London socialist publication

Chartist is a bi-monthly democratic socialist magazine which has been published in Britain since the 1970s. The magazine is based in London. Its name is inspired by the Chartists, a British democratic movement which existed from 1838–1857.

==History and profile==
The Chartist Group was co-founded by the historian Al Richardson in May 1970 with the intention of orienting the left toward the Labour Party. Chartist started as an 8 page tabloid style newspaper of the grouping, advocating insurrectionist politics. In response Mike Davis was elected as the publications editor, a position he's retained since 1974.

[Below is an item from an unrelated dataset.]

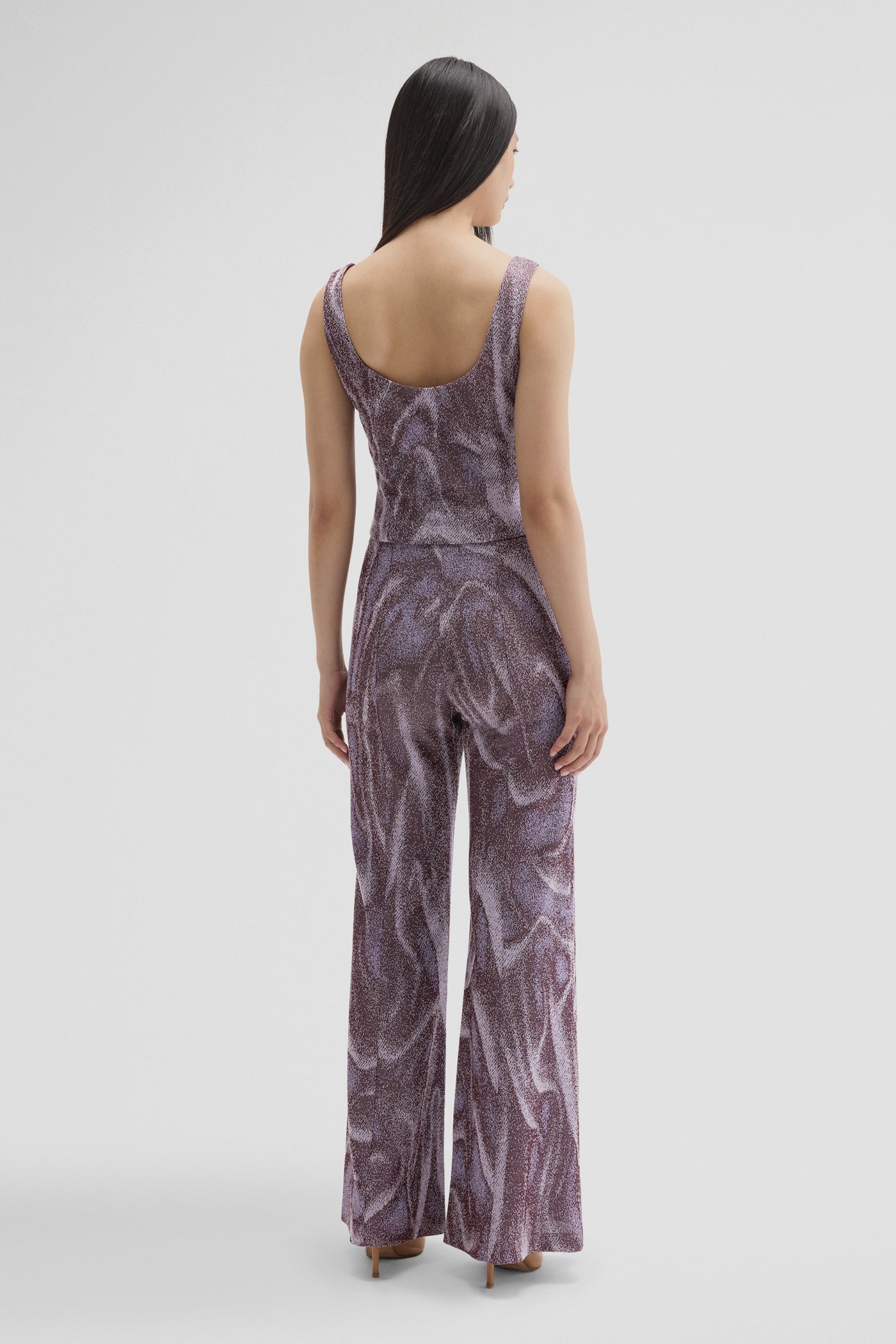 Un classico contemporaneo con il tocco distintivo di MACCAPANI, gli EASY PANT in jacquard dalle sfumature lilla-viola rivisitano la silhouette palazzo con eleganza moderna. Il movimento fluido e la facilità d’uso quotidiana li rendono il perfetto equilibrio tra stile e versatilità. Indossali con il TATS BLAZER coordinato o con il COMFY CORSET per un look che combina relax e raffinatezza.
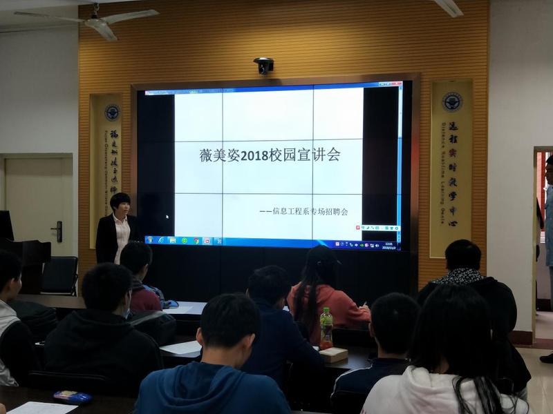 信息工程系于2018年11月2日中午12:30至下午3:00在北區(qū)2號樓2-1教室舉辦了信息工程系畢業(yè)生招聘宣講會,薇美姿(舒克)實業(yè)有限公司宣講人--林小姐為同學(xué)做了簡單的介紹,薇美姿是集研發(fā)、生產(chǎn)和銷售于一體的創(chuàng)新性高科技企業(yè)。旗下?lián)碛袃纱罂谇蛔o理品牌舒客和舒客寶貝。產(chǎn)品遍布全國各省市,并已全線進入沃爾瑪、家樂福、歐尚、易初蓮花、吉之島、大潤發(fā)等國際、國內(nèi)大型連鎖賣場,實現(xiàn)了KA賣場、大型百貨店、日化專賣店、藥業(yè)連鎖店及電子商務(wù)的全方位覆蓋。

The magazine's editorial policy is firmly aligned with the "democratic socialist left" within the Labour Party, supporting such causes as the Grassroots Alliance slate in Labour National Executive Committee elections and the Save The Labour Party initiative. Its readership and editorial board are not confined, however, to the Labour Party or any one of its factions. This is because it seeks to invite debate with the broader left including greens and various independence movements. It has offered support to Jeremy Corbyn as leader of the Labour Party. Chartist defines its policy as being "to promote debate amongst people active in radical politics about the contemporary relevance of democratic socialism across the spectrum of politics, economics, science, philosophy, art, interpersonal relations – in short, the whole realm of social life".

The current editor is Mike Davis. The magazine's production editor and treasurer is Peter Kenyon, and its web editor is Keir Dhillon. Other members of the Editorial Board include Duncan Bowie, Peter Chalk, David Floyd, Don Flynn, Roger Gillham, Frank Lee, Dave Lister, Mary Southcott, James Grayson, Patricia d'Ardenne and Sheila Osmanovic, Robbie Scott, Patrick Mulcahy and Tehmina Kazi. The cover cartoon is often by Martin Rowson and production of the print edition since 2020 has been by Ferdousur Rehman.